* **DESCRIPTION OF THE TASK**: Reproduce the data below in full and to the letter, images excepted.
----------
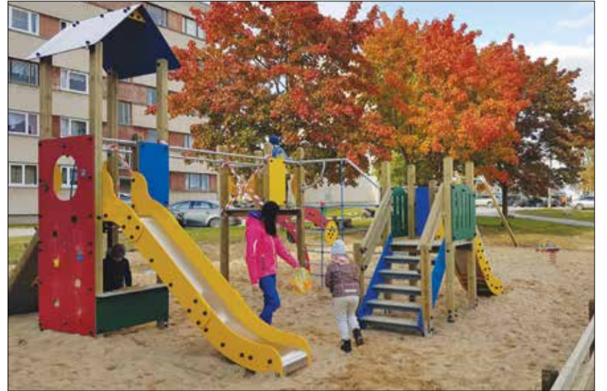
Mänguväljaku rajamise maksumus on 11 743 eurot koos käibemaksuga.
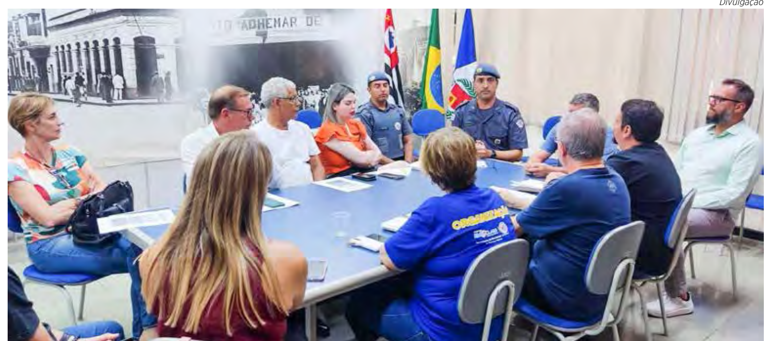
Objetivo é evitar barulho que possa causar incômodo na população da cidade
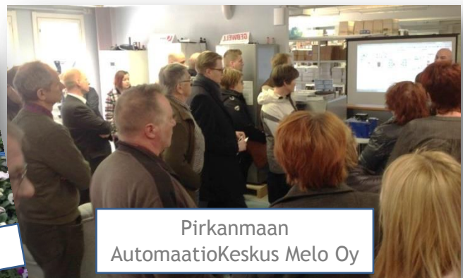
Pirkanmaan AutomaatioKeskus Melo Oy
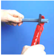
Cortar el tubo con tijera

Presión y temperatura de trabajo: 20° C: 12 Atm. 90° C: 6 Atm.
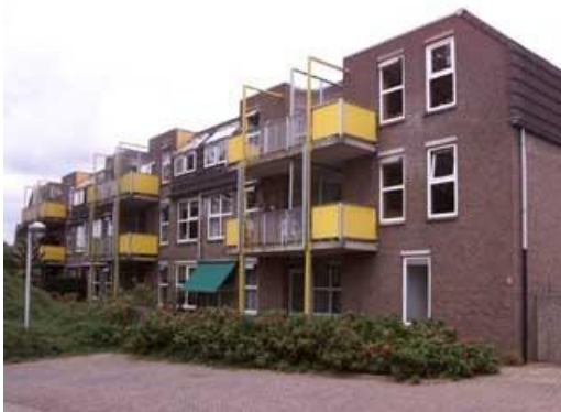
Prinsenhof 2, 4, 14, 24, 26, 36
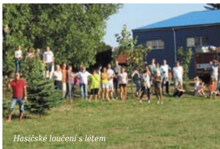
Hasičské loučení s létem
----------
* **RESPONSE**:
Mänguväljaku rajamise maksumus on 11 743 eurot koos käibemaksuga.
Objetivo é evitar barulho que possa causar incômodo na população da cidade
Pirkanmaan AutomaatioKeskus Melo Oy
Cortar el tubo con tijera

Presión y temperatura de trabajo: 20° C: 12 Atm. 90° C: 6 Atm.
Prinsenhof 2, 4, 14, 24, 26, 36
Hasičské loučení s létem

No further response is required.